*** AVAILABLE DATA ***

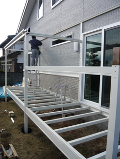 こちらはT様邸のサンルームとデッキテラスの工事です。
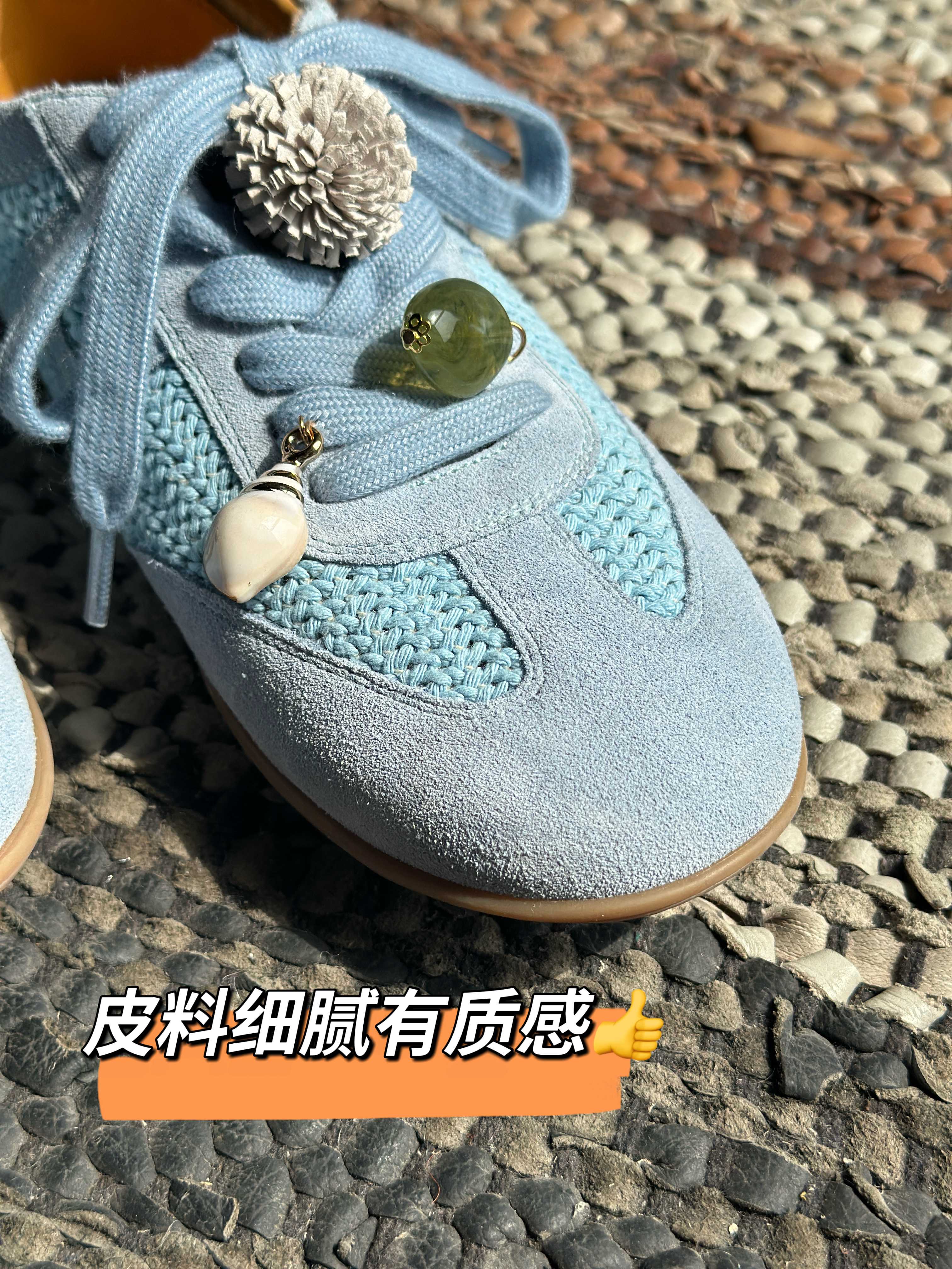 灵动细节好戳人!当时去工厂试鞋子就觉得这个小松果和小滴溜挂件特别可爱!上脚又有一种乖乖嗲嗲的味道~
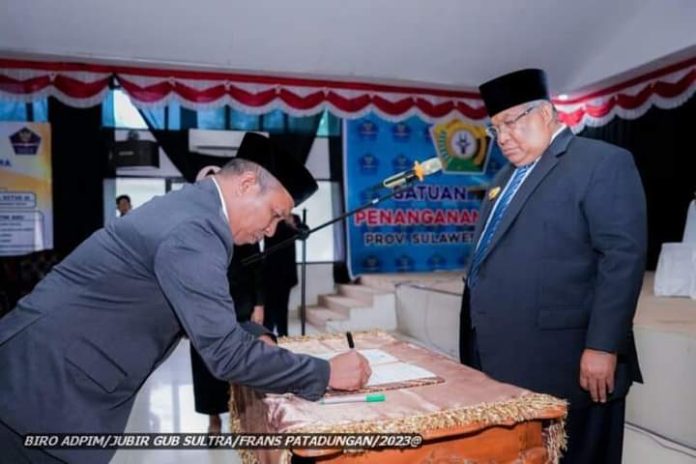 Kendari, Datasultra.com – Gubernur Provinsi Sulawesi Tenggara (Sultra), Ali Mazi melantik dan mengambil sumpah 140 Kepala Sekolah dan 11 orang Eselon III di Kantor Dinas Pendidikan dan Kebudayaan (Dikbud) Sultra, Jumat 14 April 2023.
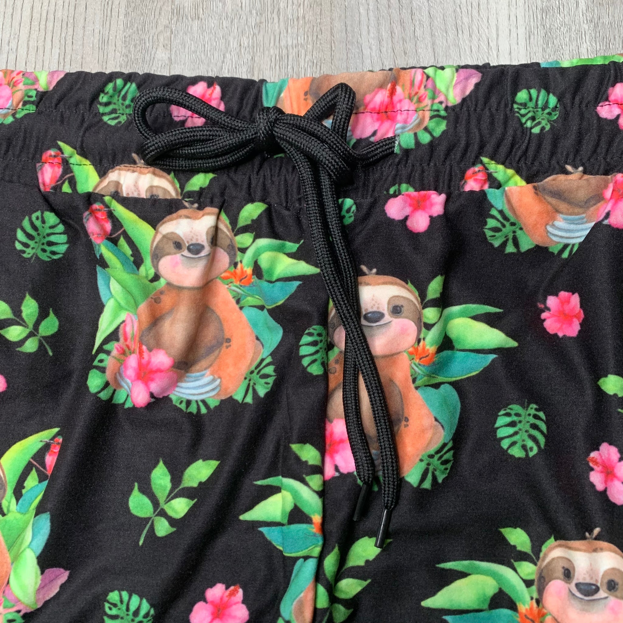 Adorable Sloth w/ Pink Hibiscus Flower Print Capri Black Joggers W/ Pockets

*** End of AVAILABLE DATA ***

### YOUR ASSIGNMENT
Type the listing above out again exactly, and omit all pictures.

### EXERCISE OUTPUT
 こちらはT様邸のサンルームとデッキテラスの工事です。
 灵动细节好戳人!当时去工厂试鞋子就觉得这个小松果和小滴溜挂件特别可爱!上脚又有一种乖乖嗲嗲的味道~
 Kendari, Datasultra.com – Gubernur Provinsi Sulawesi Tenggara (Sultra), Ali Mazi melantik dan mengambil sumpah 140 Kepala Sekolah dan 11 orang Eselon III di Kantor Dinas Pendidikan dan Kebudayaan (Dikbud) Sultra, Jumat 14 April 2023.
 Adorable Sloth w/ Pink Hibiscus Flower Print Capri Black Joggers W/ Pockets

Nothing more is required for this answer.